A second look at secondaries

…but M&A activity is crucial – and that’s not easy at the moment.

Secondary buyouts don’t always get great press. The practice of GPs buying companies from each other – something that’s becoming increasingly common as managers come under pressure to put money to work  – is sometimes referred to dismissively as “pass-the-parcel” buyouts. 

Some LPs argue that it’s hard for managers to get a good deal this way. As Paul Newsome, executive director and head of private equity investments at Unigestion, puts it: “Due to the competitive nature of the private equity market, attractively priced secondary buyouts with room for material upside coupled with limited downside are a rarity.”

Which is why the results of a new study by the Boston Consulting Group are interesting. The consultancy compared returns from a sample of 225 European private equity deals, and concluded that the median annual return on secondary transactions was actually higher than on primary deals – 24 percent compared to 20 percent. What’s more, these deals tended to be less risky, too.

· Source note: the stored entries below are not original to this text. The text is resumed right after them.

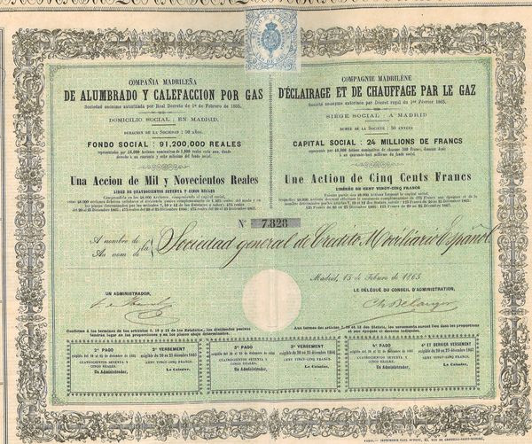Cie Madrilène d'Eclairage et de Chauffage par le Gaz (Act 500 F)
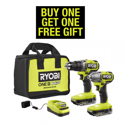 See ItRYOBI ONE+ HP 18V Brushless Drill/Driver and Impact Driver, (2)2.0Ah Batteries, Charger, Bag for $199.00 and pick a free tool
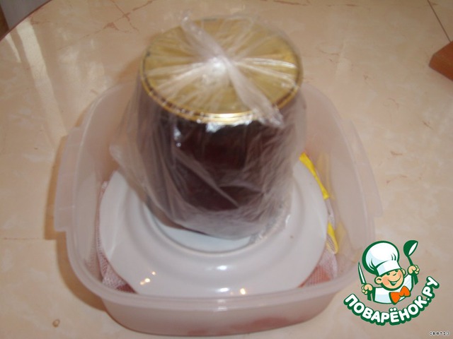 Рыбу кладу под гнет. Под гнет подойдет любая банка с содержимым, что есть в холодильнике, ставим её в целлофановом пакете для гигиены. Убираем засоленную рыбу в холодильник.
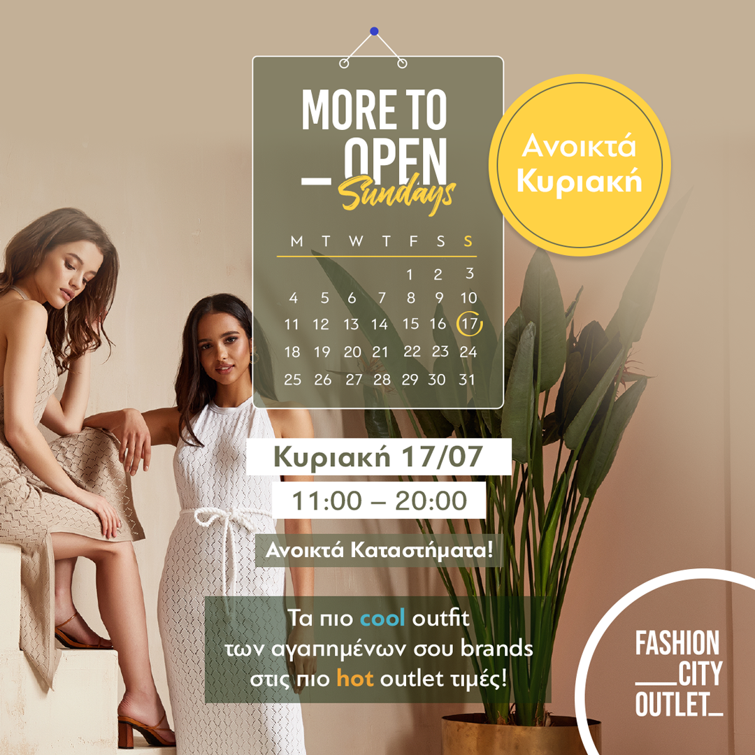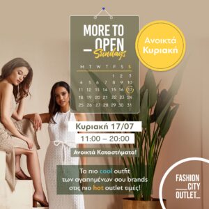 Την προσεχή Κυριακή 17/7 τα καταστήματα του FashionCityOutlet θα είναι ανοιχτά από τις 11 το πρωί έως και τις 8 το βράδυ, λόγω της 1ης Κυριακής των Καλοκαιρινών Εκπτώσεων.

The study also suggested that M&A was central to the success of a secondary deal. Within the sample set, the median return from secondary deals where there were add-on acquisitions was 25 percent – compared with 15 percent when there was not. 

This is not surprising, says Patrick Knechtli, partner at SL Capital Partners. As there may be less for secondary buyers to do in terms of ‘easy fixes’ or professionalisation, he argues, buy-and-build will often be part of their strategy to grow a business.